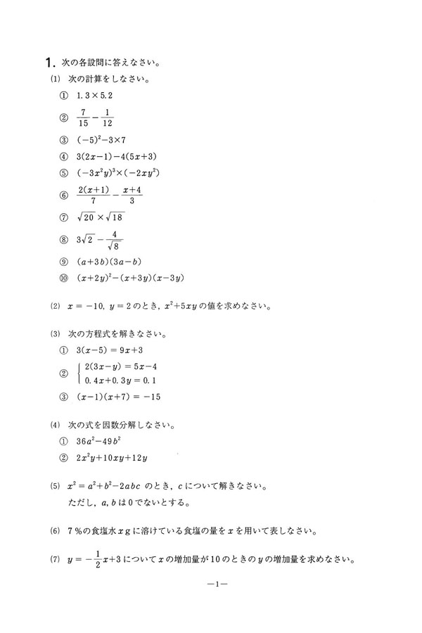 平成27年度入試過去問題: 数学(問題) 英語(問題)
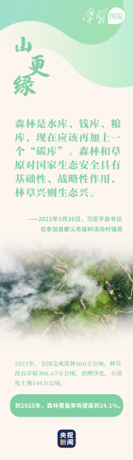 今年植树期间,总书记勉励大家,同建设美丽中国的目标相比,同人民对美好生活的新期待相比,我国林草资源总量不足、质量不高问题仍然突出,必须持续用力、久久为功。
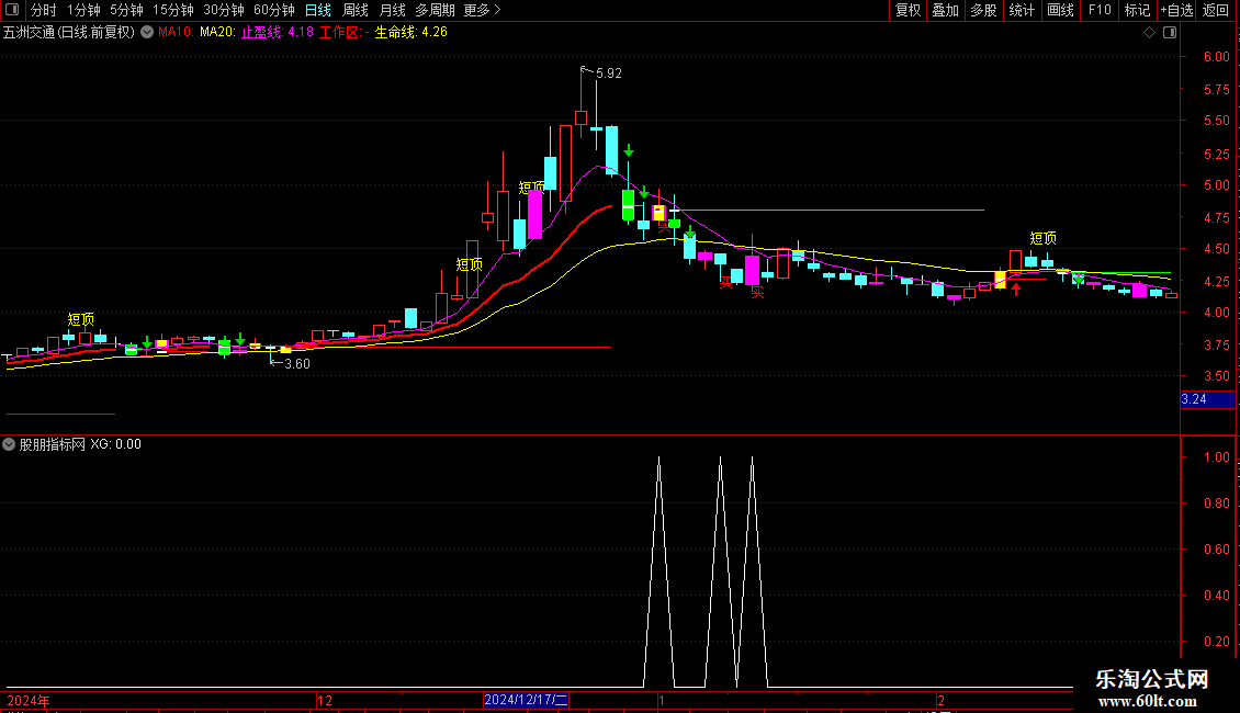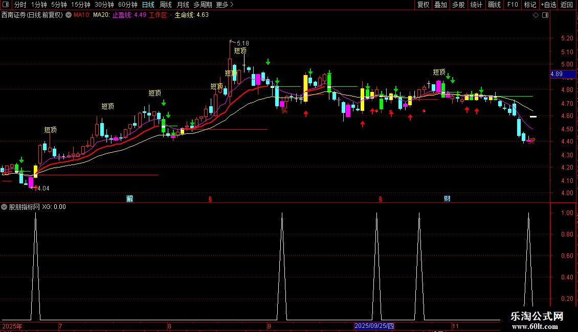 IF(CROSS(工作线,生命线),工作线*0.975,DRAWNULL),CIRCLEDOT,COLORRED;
────
» **WHAT TO DO**: Beginning with the line that contains "今年植树期间,总书记勉励大家" and ending with the final line of the material, reproduce those lines exactly and nothing else. Omit the pictures.

» **EXERCISE RESULT**:
 今年植树期间,总书记勉励大家,同建设美丽中国的目标相比,同人民对美好生活的新期待相比,我国林草资源总量不足、质量不高问题仍然突出,必须持续用力、久久为功。
 IF(CROSS(工作线,生命线),工作线*0.975,DRAWNULL),CIRCLEDOT,COLORRED;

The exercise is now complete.